# Unmarried Partner Question



## Lily Bart (Jun 2, 2011)

So I'm applying for a Tier 5 Temporary Worker visa. For just under two years now, I've been living with my German boyfriend of several years. My marital status is pretty irrelevant to my visa application. I mean, I'm applying on my own two feet--indeed, my boyfriend is staying behind in Germany while I go off to the UK for a couple of months. Perhaps I should have said I was single, but I didn't want to lie in case I get interviewed and the subject comes up: We live together. We were together in an exclusive relationship for years before we lived together. And we plan to stay together. So I said we were unmarried partners.

Here's the thing, I'm realizing that I can't really prove this. We live with family, so we have no proof of a shared lease or shared bills. We share expenses, obviously, but we don't yet have a shared bank account. All I can really point to is the fact that my passport has a number of German stamps from the years before I moved here. I might be able to find some envelopes that show we receive mail at the same address... 

Is this going to trip me up? As I said, I can't see how my marital status is terribly relevant.


----------



## JSturg (May 23, 2011)

Any information is fair game for visa applications. Having said that, you are in fact 'single' as you are not married and not in a registered partnership. If any questions pertain to your living arrangements, you would of course have to answer them truthfully. I don't know that that would trip you up (unless you're relying on your boyfriend for financial support), and he is entitled as a EU citizen to live in the UK as a matter of right anyway.


----------



## Lily Bart (Jun 2, 2011)

JSturg said:


> Any information is fair game for visa applications. Having said that, you are in fact 'single' as you are not married and not in a registered partnership. If any questions pertain to your living arrangements, you would of course have to answer them truthfully. I don't know that that would trip you up (unless you're relying on your boyfriend for financial support), and he is entitled as a EU citizen to live in the UK as a matter of right anyway.

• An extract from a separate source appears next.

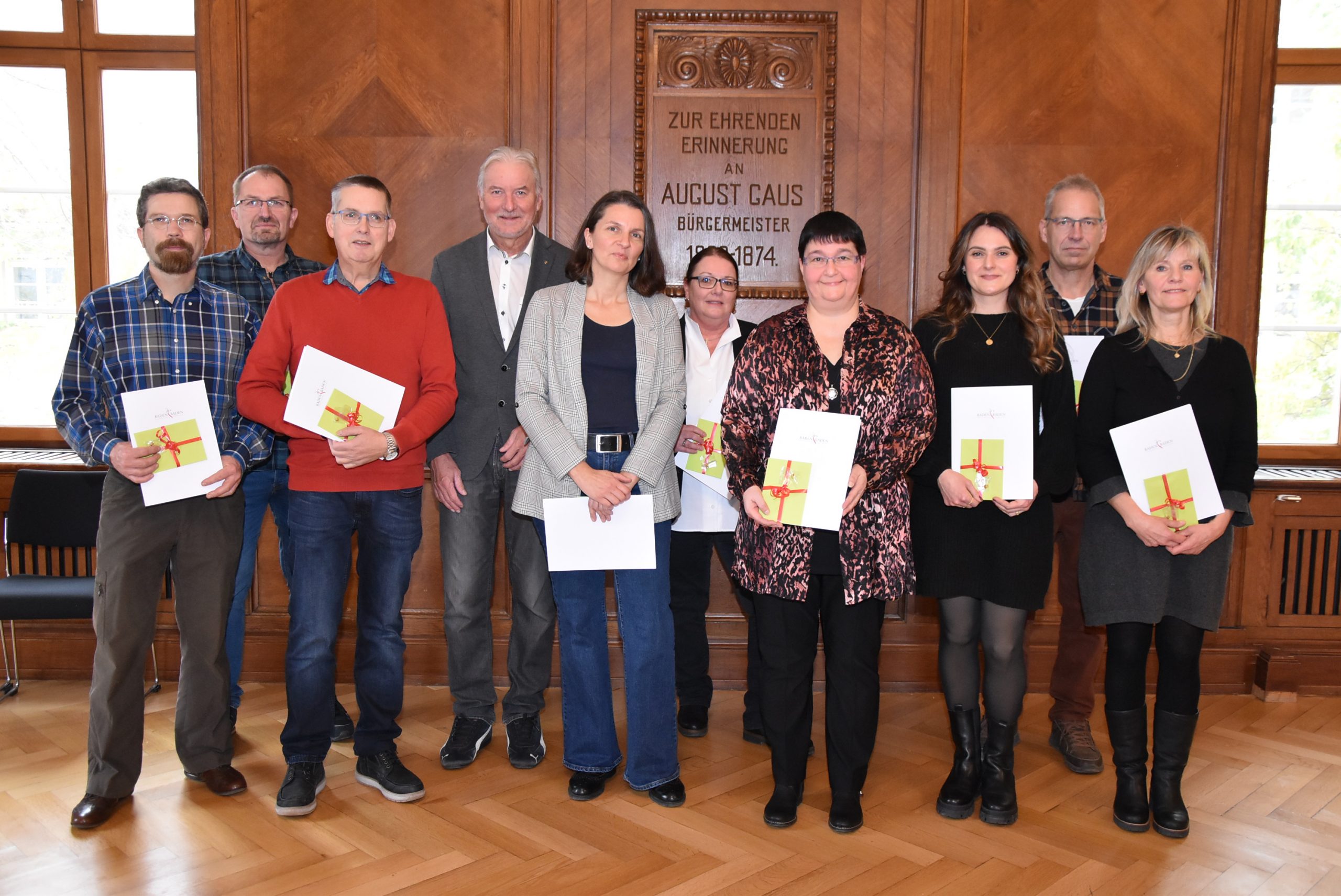 Die 25- und 40-jährigen Dienstjubilare mit OB Dietmar Späth (4. von links): Frank Wieland, Frank Möst, Bernd Sieber, Carolin Reif, Monika Probst, Sabine Huber, Simone König, Martin Braun und Pia Ziegler (von links nach rechts). Foto: Sibylle Hurst / Stadt Baden-Baden

Thanks for your reply. Unmarried partners is a category in addition to civil partners. I thought it was unusual, too, but it pretty much fits our situation.

I will, of course, answer truthfully every question that is put to me. What I'm concerned about is whether it will be a problem that I don't exactly have a pile of evidence pointing to the fact that we live together.

My sponsor is certifying maintenance so I'm not relying on my boyfriend for financial support. 

I just hope it won't matter one way or the other. I'm not applying for an unmarried partner visa after all!


----------



## Lily Bart (Jun 2, 2011)

Sorry to harp on, but does anyone know if I will really need to show proof of this relationship and if so what level of proof? 

I didn't realize when I submitted my application that this might be an issue since, again, my boyfriend is a European citizen and he's not even coming with me to the UK. All I wanted to do was to accurately describe my relationship status--and to show my intent to return to Germany after the job placement is over.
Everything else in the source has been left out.